Communications in Mathematical Sciences

Volume 15 (2017)

Number 3

A time integration method of approximate fundamental solutions for nonlinear Poisson-type boundary value problems

Pages: 693 – 710

DOI: https://dx.doi.org/10.4310/CMS.2017.v15.n3.a6

Authors

Corey Jones (Department of Mathematics, Jones County Junior College, Ellisville, Mississippi, U.S.A.)

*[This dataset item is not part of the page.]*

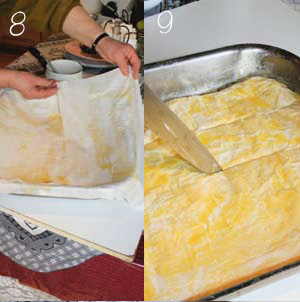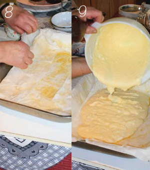 - Brush melted butter over each pastry sheet then lay each sheet in a crisscross pattern in a greased baking tray, making sure the sheets overlap the edges of the tray.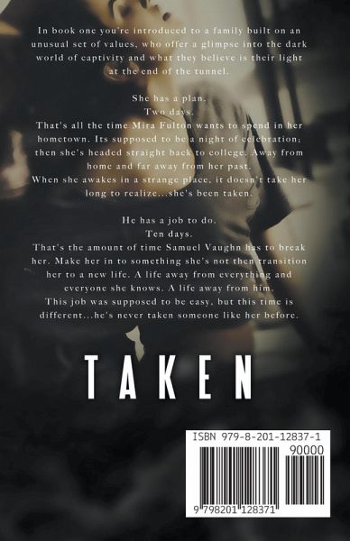 She has a plan. Two days. That's all the time Mira Fulton wants to spend in her hometown. Its supposed to be a night of celebration; then she's headed straight back to college. Away from home and far away from her past. When she awakes in a strange place, it doesn't take her long to realize...she's been taken. He has a job to do. Ten days. That's the amount of time Samuel Vaughn has to break her. Make her in to something she's not then transition her to a new life. A life away from everything and everyone she knows. A life away from him. This job was supposed to be easy, but this time is different...he's never taken someone like her before.

Haiyan Tian (Department of Mathematics, University of Southern Mississippi, Hattiesburg, Ms., U.S.A.)

Abstract

A time-dependent method is coupled with the method of approximate particular solutions (MAPS) and the method of approximate fundamental solutions (MAFS) of Delta-shaped basis functions to solve a nonlinear Poisson-type boundary value problem on an irregular shaped domain. The problem is first converted into a sequence of time-dependent nonhomogeneous modified Helmholtz boundary value problems through a fictitious time integration method. Then the superposition principle is applied to split the numerical solution at each time step into an approximate particular solution and a homogeneous solution. A Delta-shaped basis function is used to provide an approximation of the source function at each time step. This allows for an easy derivation of an approximate particular solution. The corresponding homogeneous boundary value problem is solved using MAFS, and also with the method of fundamental solutions (MFS) for comparison purposes. Numerical results support the accuracy and validity of this computational method.

Keywords

fictitious time, nonlinear Poisson-type equations, Delta-shaped basis, modified Helmholtz equation, approximate particular solutions, approximate fundamental solutions

2010 Mathematics Subject Classification

65N35, 65N80

Published 24 February 2017